Bilbaínas. El gasoducto entra por las Conchas, directamente en Viña Paceta, una finca emblemática de Bodegas Bilbaínas que da nombre a uno de sus vinos más reconocidos. El tubo se enterrará de forma paralela a la carretera del entorno de San Felices -uno de los paisajes de viñedo más fotografiados a los pies de los ermita de Bilibio-, hasta confluir con la autopista y cruzar al otro lado para encontrar otros pagos históricos como Viña Bosconia.
Las alegaciones al trazado de empresas y particulares han sido rechazadas por la empresa adjudicataria, Enagás, que cuenta con el respaldo del Consejo de Ministros y de una obra de interés general. «Lo que más molesta -explica Natalia Olarte, responsable de viticultura de Bilbaínas- es que no se nos ha dado otra opción de trazado ni se nos ha escuchado». Bilbaínas es una de las bodegas más perjudicadas porque el paso del Ebro comenzará, con la construcción de un túnel, en medio de Viña Paceta. «Estas viñas -explica Olarte- tienen su propio ecosistema, con características peculiares y, aunque después puedas replantar, el equilibrio es irrecuperable».
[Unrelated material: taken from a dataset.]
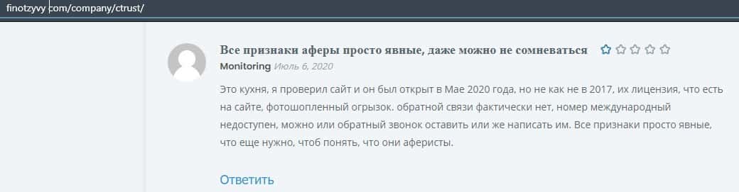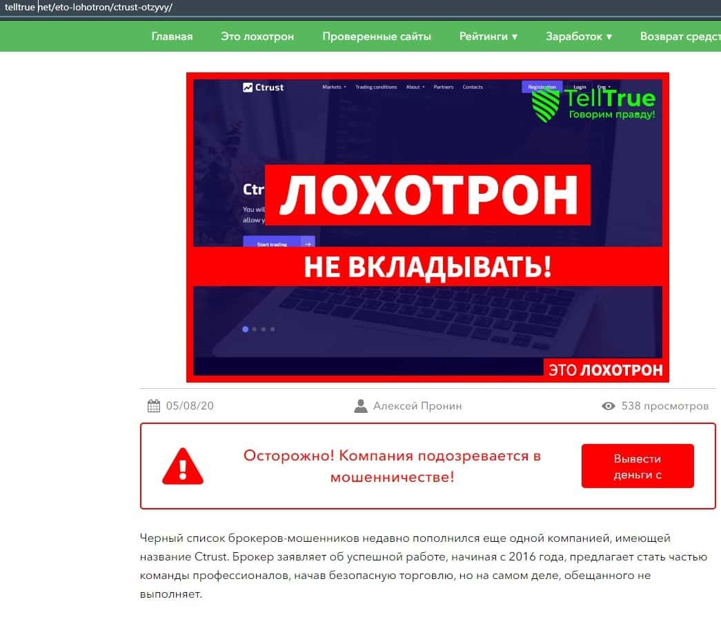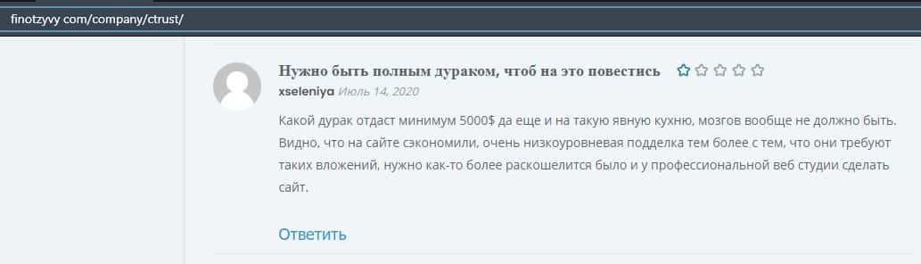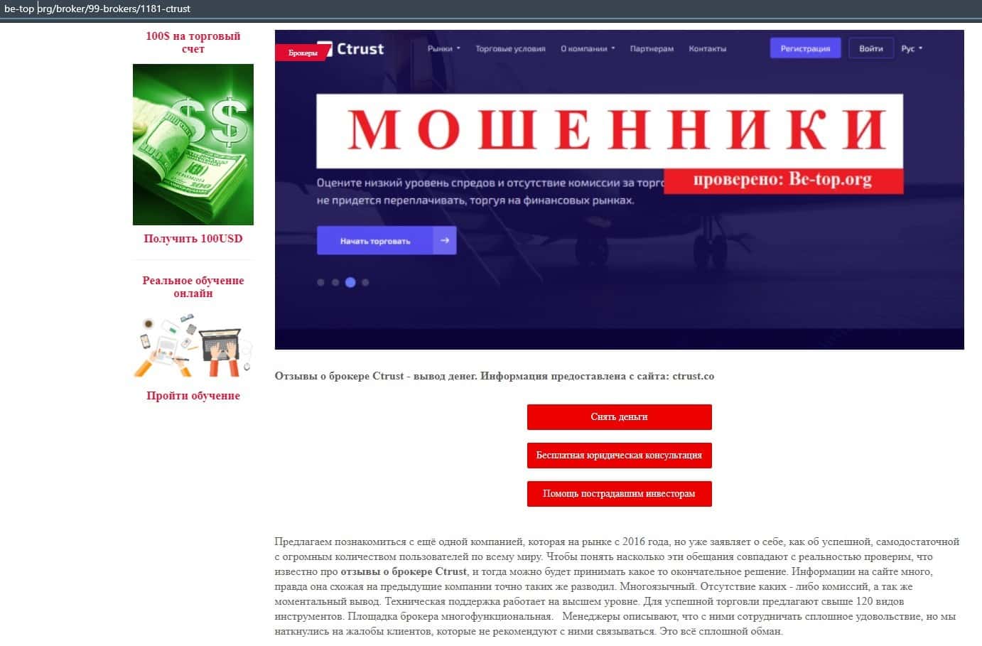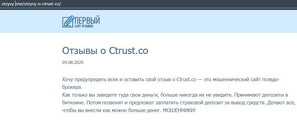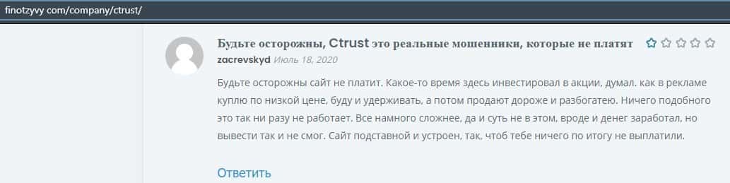 Большинство пользователей сети высказали свое мнение касательно брокерской конторы CTrust Co по их мнению это лохотрон, который так или иначе ворует деньги у наивных клиентов.

López de Heredia. Es otra de las bodegas afectadas. Sus fincas viña Cubillas y Bosconia -uno de los casi únicos vinos de pago centenarios de Rioja- recibirán el gasoducto: «No se entiende -explica- que se quiera proponer a la Unesco los paisajes de viñedo como Patrimonio Universal y, uno de los parajes de viñedo riojano más emblemáticos se destroce». «El daño -continúa- es importante porque es posible que haya parcelas que, aunque afectadas en un 20%, haya que abandonar», explica Julio César López de Heredia. «Más que los planes de dinamización, que lucen mucho, es el viñedo lo que sustenta todo», advierte.
Muga. Isaac Muga, de Bodegas Muga, aclara que «no estamos en contra del progreso, pero había otra forma de hacer las cosas y se nos ha tenido totalmente desinformados». «Las bodegas -continúa- hemos encargado un estudio geológico para demostrar que son terrenos únicos y, desde luego, las indemnizaciones las reclamaremos de acuerdo a este informe».
Muga se ve afectada en siete parcelas, viñas viejas, fincas de cuyas uvas sale el Aro (el vino 'top' de la casa) e incluso una nueva recién adquirida para blanco: «Lo peor de todo -insiste Isaac- es que hubiésemos colaborado con otras alternativas».